BEGIN SOURCE RECORDS

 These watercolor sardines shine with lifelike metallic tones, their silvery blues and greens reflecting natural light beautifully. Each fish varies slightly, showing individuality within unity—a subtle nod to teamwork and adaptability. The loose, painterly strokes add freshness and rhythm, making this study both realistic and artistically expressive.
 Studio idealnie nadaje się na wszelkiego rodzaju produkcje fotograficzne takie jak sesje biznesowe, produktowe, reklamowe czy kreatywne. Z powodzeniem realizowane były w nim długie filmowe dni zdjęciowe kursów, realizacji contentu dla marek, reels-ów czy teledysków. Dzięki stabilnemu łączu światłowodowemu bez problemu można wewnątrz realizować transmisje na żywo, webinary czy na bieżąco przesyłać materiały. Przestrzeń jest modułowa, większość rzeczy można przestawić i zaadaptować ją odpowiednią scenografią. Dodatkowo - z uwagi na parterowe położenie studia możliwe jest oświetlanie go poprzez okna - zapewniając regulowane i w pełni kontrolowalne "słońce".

END SOURCE RECORDS
BEGIN SOURCE RECORDS

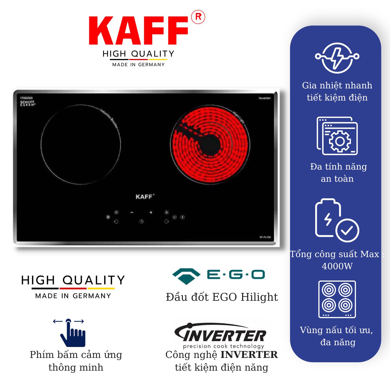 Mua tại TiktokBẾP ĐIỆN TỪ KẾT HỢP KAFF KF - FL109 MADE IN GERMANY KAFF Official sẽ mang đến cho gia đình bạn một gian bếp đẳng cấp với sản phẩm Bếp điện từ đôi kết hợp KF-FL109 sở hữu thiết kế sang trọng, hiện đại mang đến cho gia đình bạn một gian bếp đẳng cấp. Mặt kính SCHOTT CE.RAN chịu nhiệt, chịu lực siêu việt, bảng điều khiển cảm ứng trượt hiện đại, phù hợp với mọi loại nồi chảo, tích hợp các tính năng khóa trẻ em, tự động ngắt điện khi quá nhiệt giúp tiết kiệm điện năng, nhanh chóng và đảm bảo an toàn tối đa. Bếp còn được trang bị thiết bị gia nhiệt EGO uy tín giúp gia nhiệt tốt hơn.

END SOURCE RECORDS
BEGIN SOURCE RECORDS

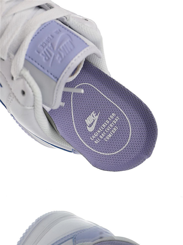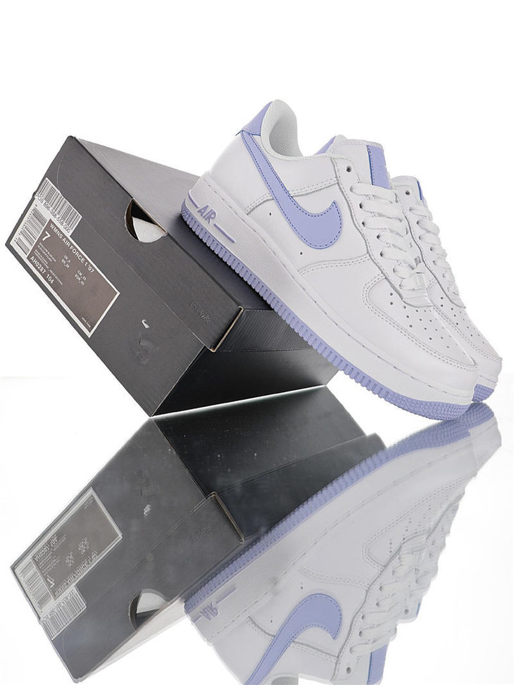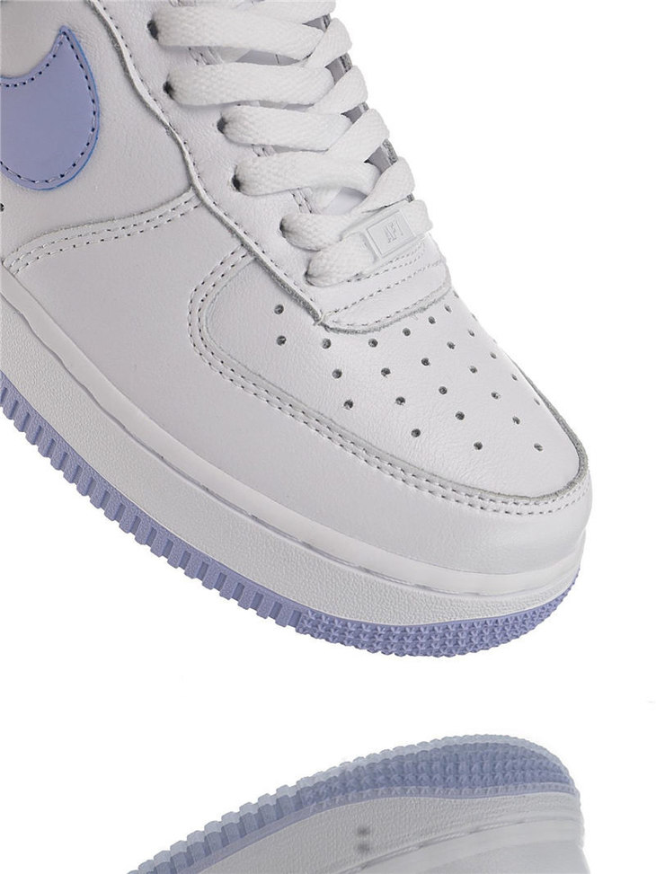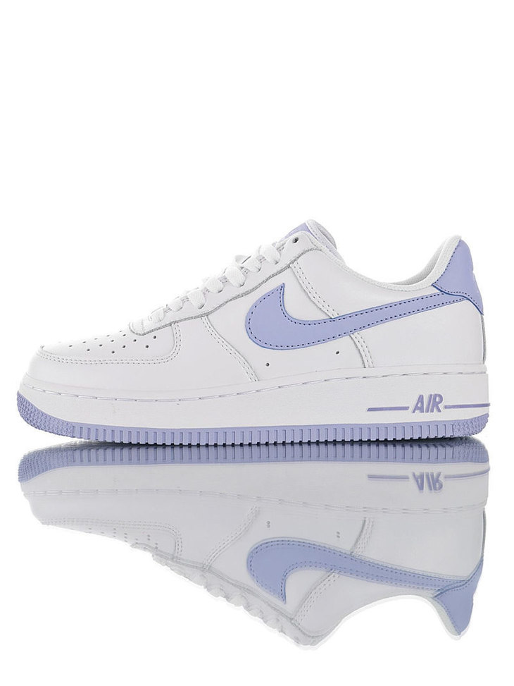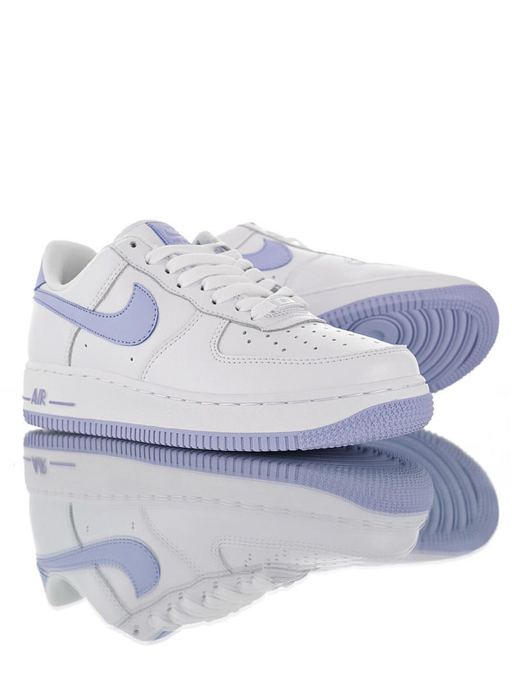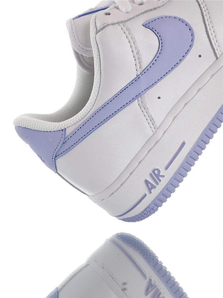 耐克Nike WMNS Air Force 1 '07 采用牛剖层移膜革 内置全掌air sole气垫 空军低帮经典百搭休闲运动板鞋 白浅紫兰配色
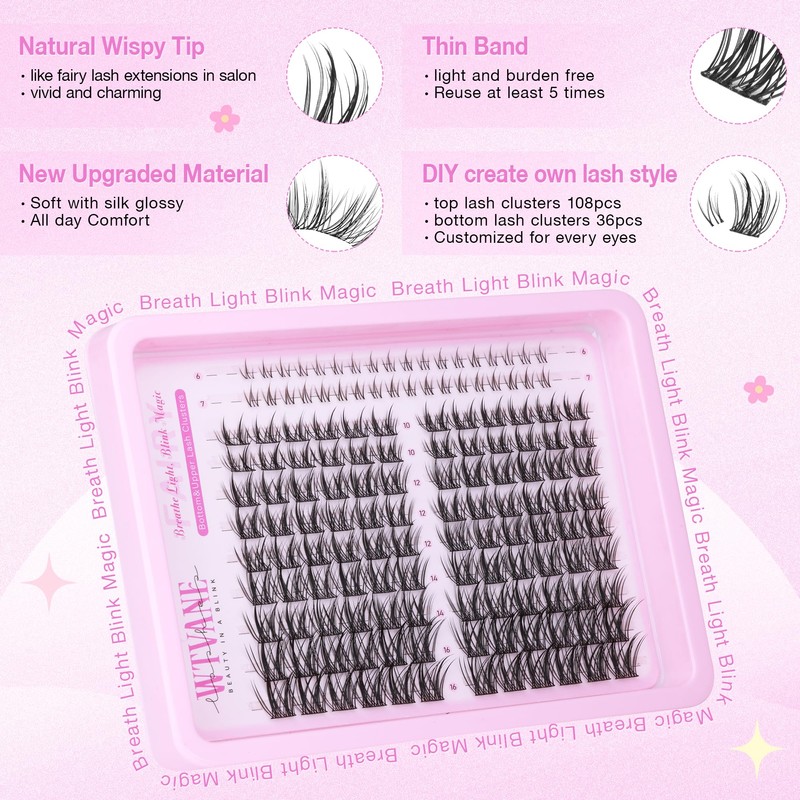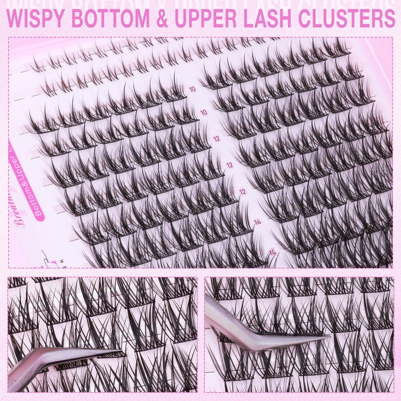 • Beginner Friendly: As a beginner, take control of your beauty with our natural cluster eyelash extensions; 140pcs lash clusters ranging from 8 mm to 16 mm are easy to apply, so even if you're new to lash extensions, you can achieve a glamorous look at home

END SOURCE RECORDS

→ TASK INSTRUCTIONS
The lines above, starting at the one with "These watercolor sardines" and ending at the one with "Studio idealnie nadaje", are the only ones to return, exactly as written.

→ OUTPUT FOR THIS EXERCISE
 These watercolor sardines shine with lifelike metallic tones, their silvery blues and greens reflecting natural light beautifully. Each fish varies slightly, showing individuality within unity—a subtle nod to teamwork and adaptability. The loose, painterly strokes add freshness and rhythm, making this study both realistic and artistically expressive.
 Studio idealnie nadaje się na wszelkiego rodzaju produkcje fotograficzne takie jak sesje biznesowe, produktowe, reklamowe czy kreatywne. Z powodzeniem realizowane były w nim długie filmowe dni zdjęciowe kursów, realizacji contentu dla marek, reels-ów czy teledysków. Dzięki stabilnemu łączu światłowodowemu bez problemu można wewnątrz realizować transmisje na żywo, webinary czy na bieżąco przesyłać materiały. Przestrzeń jest modułowa, większość rzeczy można przestawić i zaadaptować ją odpowiednią scenografią. Dodatkowo - z uwagi na parterowe położenie studia możliwe jest oświetlanie go poprzez okna - zapewniając regulowane i w pełni kontrolowalne "słońce".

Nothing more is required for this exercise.